Does that mean we can expect lots of posts from Salam breathlessly anticipating "Serenity"? I can already get that at Gary Farber's place... ;-)

posted by: Chris Lawrence on 08.07.04 at 09:05 PM [permalink]



"Gosh, I sure hope not. Let’s give the guy a chance. Nobody should wish that another human being receives a doctoral degree from Harvard! This is something that could harm one’s resume."

Doctorates in general, not just those from Harvard, are only to be wished upon one's enemies. The only thing worse would be a law or business degree. I try to encourage my students not to go to grad school at all. Learn from my ongoing mistake. =-)

I'd rather not be governed by the first 200 Bostonians OR the Harvard faculty. They're equivalent, if different, forms of decision-making dysfunction. 200 people, 754 different opinions.

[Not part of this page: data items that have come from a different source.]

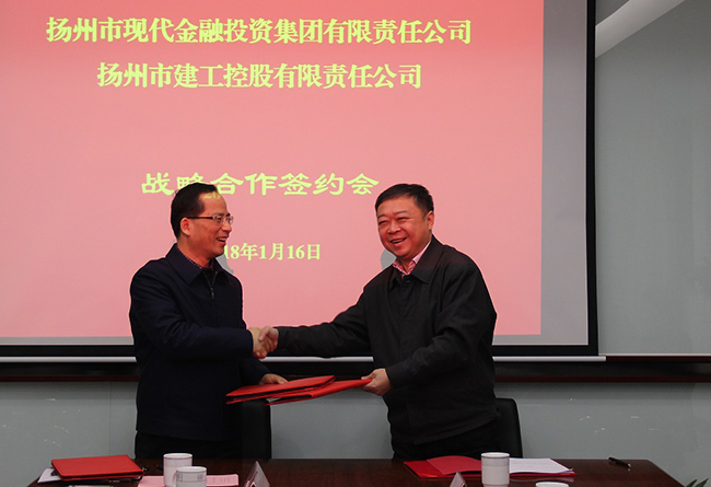 1月16日下午,揚州建工控股有限責(zé)任公司與揚州市現(xiàn)代金融投資集團有限責(zé)任公司(下稱“金融集團”)舉行戰(zhàn)略合作簽約會。公司董事長王宏、副總經(jīng)理程杰,金融集團董事長龔振志、總經(jīng)理劉研等出席簽約會。
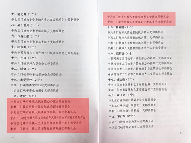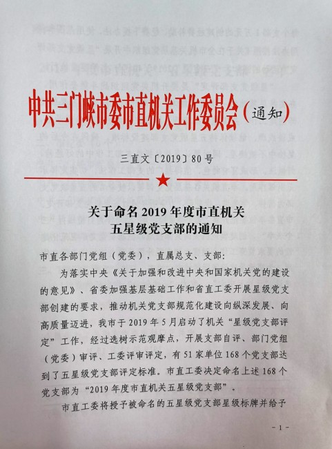 2019年12月,三门峡市中级人民法院第一批8个申报五星级的办公室、政治部、立案一庭、少年庭、民一庭、行政庭、审监庭、法警队党支部被市直工委命名为“2019年度市直机关五星级党支部”,并授予五星级党支部星级标牌。
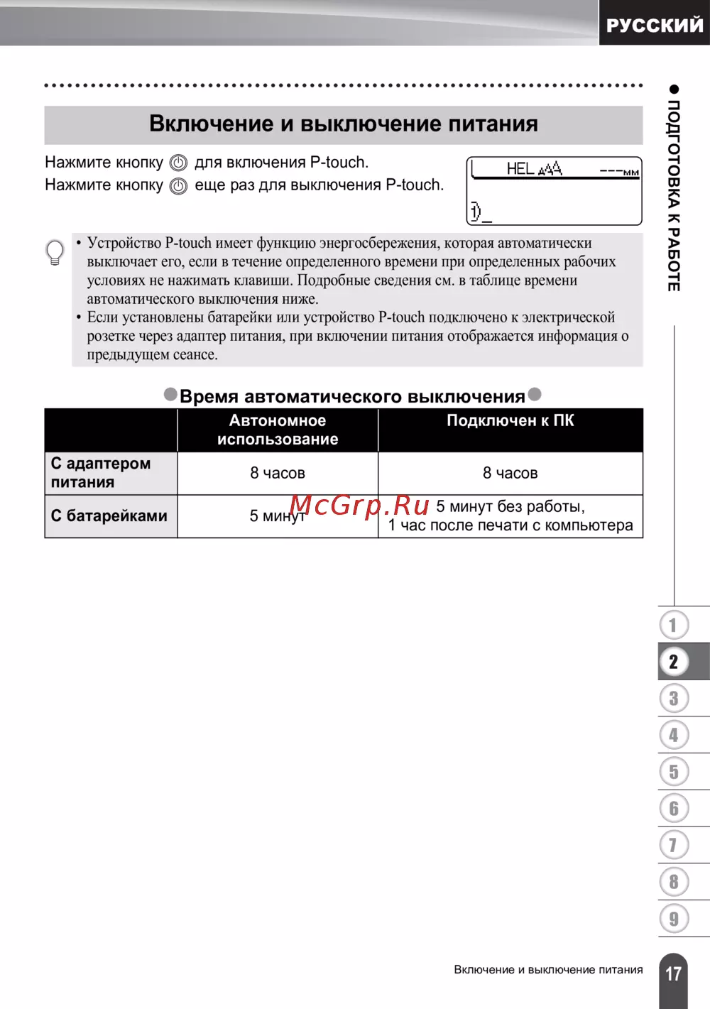 • Устройство P-touch имеет функцию энергосбережения, которая автоматически
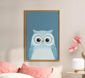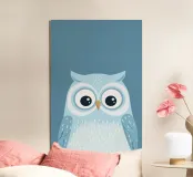 Un'affascinante illustrazione di un gufo curioso che osserva le stelle, circondato da uno sfondo morbido e sognante. Gli occhi sovradimensionati e le piume delicate creano un'atmosfera stravagante e serena. Questo disegno giocoso ma tranquillo invita a un senso di meraviglia e curiosità, perfetto per aggiungere un tocco di magia e tranquillità a qualsiasi spazio.
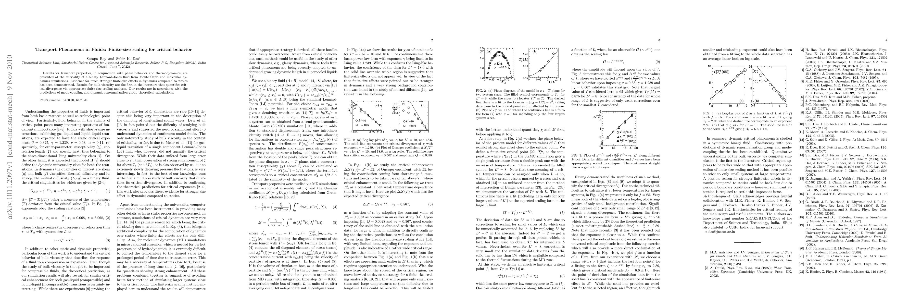 This paper presents Monte Carlo and molecular dynamics simulation results for transport properties of a binary Lennard-Jones fluid at criticality, showing significant finite-size effects in dynamics over statics. The study provides the first quantification of bulk viscosity divergence via finite-size scaling, aligning with theoretical predictions from mode-coupling and dynamic renormalization group calculations.
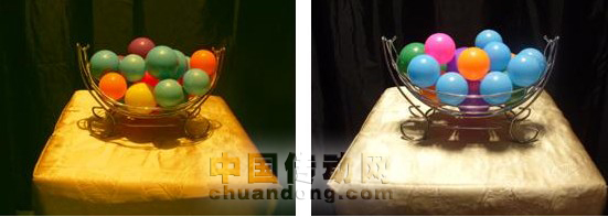 除了照度提升及節(jié)能效果外,使用LED取代高壓鈉燈的優(yōu)點還包括顯色指數(shù)的提升,以下圖為例,左圖為使用鈉燈為照明光源,由于顯色指數(shù)僅21,因此彩球的顏色無法清楚分辨。而右圖使用的光源為LED燈,彩球的顏色皆可清楚辨別。
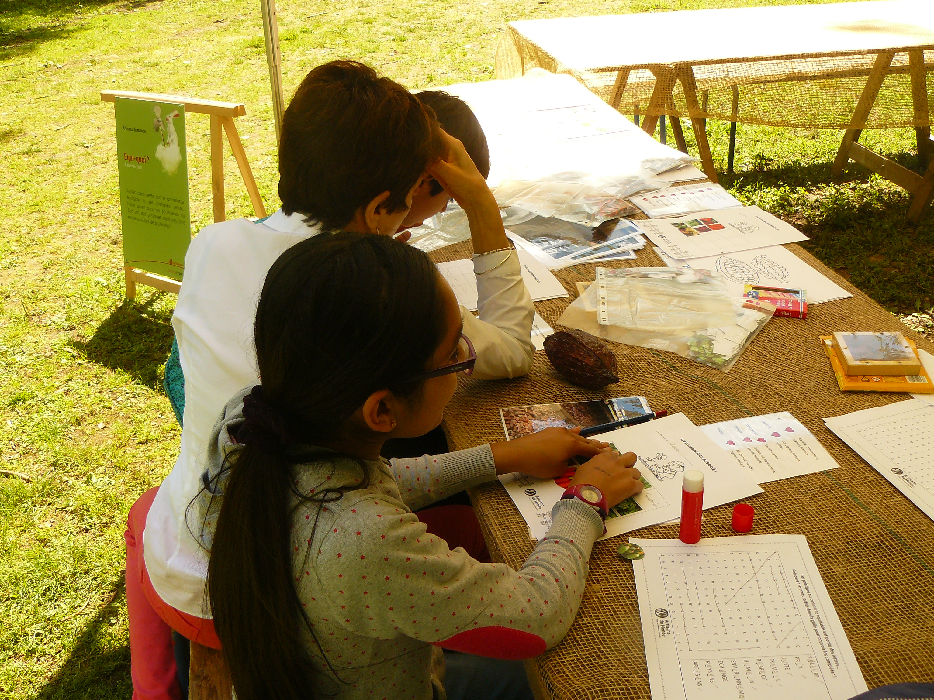 Le samedi 20 mai, les ateliers étaient ouverts au grand public et le beau temps a permis d’attirer beaucoup de familles. Pour cet après-midi-là, Artisans du Monde proposait 3 activités selon l’envie et l’âge des participants : mots-cachés des principes du commerce équitable ; jeu du potager bien associé ; découverte de la culture du cacao et coloriage d’une cabosse de cacao pour les plus petits. Les familles étaient contentes de pouvoir participer sur un même stand à différentes activités qui conviennent à différentes tranches d’âge.

posted by: Nate on 08.07.04 at 09:05 PM [permalink]



Great idea - but how much better it would've been if the guest-bloggers really were workers from Bangalore! Perhaps they could be next time?

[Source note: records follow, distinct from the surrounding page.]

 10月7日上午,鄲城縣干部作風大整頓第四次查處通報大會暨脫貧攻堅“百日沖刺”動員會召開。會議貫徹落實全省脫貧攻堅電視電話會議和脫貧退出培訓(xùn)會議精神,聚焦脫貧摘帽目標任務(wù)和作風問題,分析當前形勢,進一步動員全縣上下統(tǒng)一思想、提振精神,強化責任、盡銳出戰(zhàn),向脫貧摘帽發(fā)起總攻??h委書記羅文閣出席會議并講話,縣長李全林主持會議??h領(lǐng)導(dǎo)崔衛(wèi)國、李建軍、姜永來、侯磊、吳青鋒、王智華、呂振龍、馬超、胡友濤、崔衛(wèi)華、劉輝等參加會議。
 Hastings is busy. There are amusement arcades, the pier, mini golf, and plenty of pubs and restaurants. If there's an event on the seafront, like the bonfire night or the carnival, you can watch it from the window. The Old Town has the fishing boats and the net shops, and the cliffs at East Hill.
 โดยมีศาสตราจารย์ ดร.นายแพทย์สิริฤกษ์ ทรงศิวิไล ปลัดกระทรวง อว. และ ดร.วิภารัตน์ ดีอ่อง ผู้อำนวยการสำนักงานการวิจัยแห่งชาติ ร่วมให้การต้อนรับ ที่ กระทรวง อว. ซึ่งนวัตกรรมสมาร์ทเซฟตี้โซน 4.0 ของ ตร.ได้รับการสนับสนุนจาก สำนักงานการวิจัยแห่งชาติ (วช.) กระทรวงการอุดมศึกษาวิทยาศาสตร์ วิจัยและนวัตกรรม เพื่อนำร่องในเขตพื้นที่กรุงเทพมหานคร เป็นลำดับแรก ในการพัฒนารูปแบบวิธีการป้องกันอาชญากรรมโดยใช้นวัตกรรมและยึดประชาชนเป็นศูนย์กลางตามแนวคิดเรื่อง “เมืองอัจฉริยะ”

posted by: Carl Read on 08.07.04 at 09:05 PM [permalink]



“I'd rather not be governed by the first 200 Bostonians OR the Harvard faculty. They're equivalent, if different, forms of decision-making dysfunction. 200 people, 754 different opinions.”

I’m sure that Bill Buckley agrees with you. He carefully stated that if his choice was limited to the two above options---then he preferred to be governed by the people in the Boston phone book. This would be a very rational decision. Why do I say this? It is because Harvard University does not seem to train students to think and follow a logical argument. They instead are apparently encouraged to become “Harvard cool” liberal buffoons.

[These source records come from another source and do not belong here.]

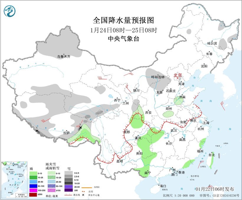 全国降水量预报图(1月24日08时-25日08时)
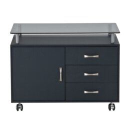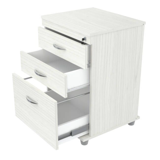 File cabinet the front edge of file and drawer front panel have soft-form edges. Finished on all sides. 2 accessory drawers, 1 file drawer accommodates letter or legal files with full extension slides. All 3 drawers lock for added security. Chrome metal handles. Plastic base gliders.
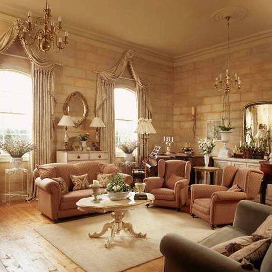 The high ceilings in this room make it perfect for daring orange walls. Ornate candelabra, frilled sofas, heavy curtains and a striking walnut coffee table increase the sense of drama and occasion.
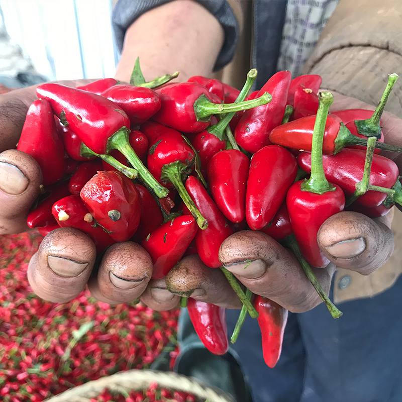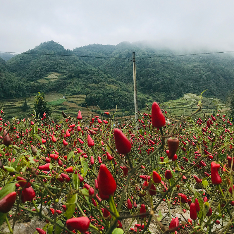 贵州属于山区,我们优选的基地海拔在1200米的山尖尖上,土地干净,环境非常好。因海拔高,昼夜温差大,这里的辣椒要比山脚下的生长周期多20来天!
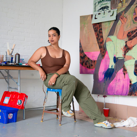 Rixy (she/her) conceptualizes feminine divinity in their various forms and characterizations. Working primarily through painting, sculpture, and public art, her works reinterpret stories of agency—like episodes of a never-ending cartoon. The works often play on the range of sensual femininity: how bodies react, the senses they pick up, and what it means for them to be born, to grow, and heal in their surroundings. Rixy received her BA in Studio Art at UMass Boston, with a concentration in sculpture. She received the 2019 Ruth Butler Travel Fellowship for a Studio Residency in Mexico, and the 2017 Arts|Learning Award for Student Arts Advocacy. She is an Adjunct Instructor at the Boston Architectural College.
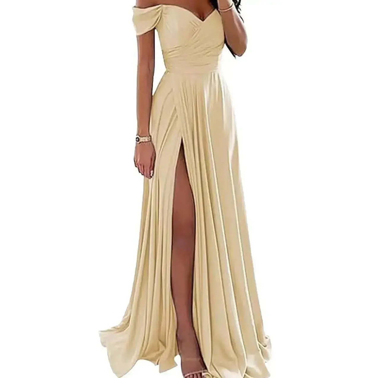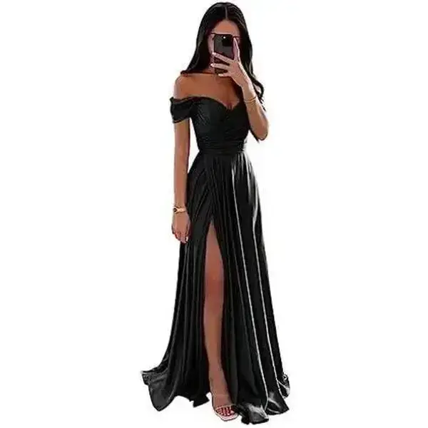 Eatures: Off Shoulder Satin Bridesmaid Dresses with Slit, Bodycon Mermaid Bridesmaid Dresses for Women, Ruched Satin Formal Party Dresses with Pleats, Mermaid Bridesmaid Dresses, The Off Shoulder bridesmaid dress is the best choice for your different occasions.Occasion: The satin off shoulder bridesmaid dress is perfect for Bridesmaid dresses, wedding guest party dresses, cocktail dresses, formal party dresses, evening dresses, prom party dresses, birthday party dresses, graduation dresses, wedding violin concerts, engagements, and Any Other Formal and Semi-Formal Occasions.

posted by: David Thomson on 08.07.04 at 09:05 PM [permalink]



Now maybe Reihan will provide an explanation on why Evil Forces has been updated exactly once in the last year. I just hope this blog's productivity exceeds that record.

posted by: Independent George on 08.07.04 at 09:05 PM [permalink]



Siddarth,

Your name reminds me of a question I have always wanted answered. What is the view of Indians of Herman Hesse's attempt to portray the religious culture of India in his book Siddartha?

posted by: Kyle Swanson on 08.07.04 at 09:05 PM [permalink]



Ah,but why be limited by Bill Buckley's overly restricted choices of decision-making? I prefer to think with a bigger-than-dichotomous box.

And not teaching students to "think and follow logical arguments" does not strike me as an affliction of only Harvard. I've been at four universities now, and the syndrome aforementioned happened at all of them. It's a problem of the American public at large, rather than just that of Harvard University. Even more depressingly, citizens are unable to differentiate between two equally logical arguments that lead to different conclusions; they can't seem to understand why or how they differ.

posted by: Nate on 08.07.04 at 09:05 PM [permalink]



Dan, so what shall make of the fact that apparently you couldn't find anybody actually _in_ India to do the work for you?
Letting two other Americans take over your blog for a week, even if they are of Indian origin, isn't exactly the kind of "outsourcing" that is often criticized.

Drezner is just kickin' it '80s style. This is old school outsourcing -- remember when the complaints were about the damn immigrants taking Americans' jobs?

posted by: PG on 08.07.04 at 09:05 PM [permalink]



Although sometimes I am for outsourcing I believe you should not call this outsourcing. Outsourcing to me means relocating a job outside the US. I still will read your articles. And I am glad you are leaning to Kerry. I hope comes November, you punch your X or lower the level for Kerry/Edwards. Muchas gracias.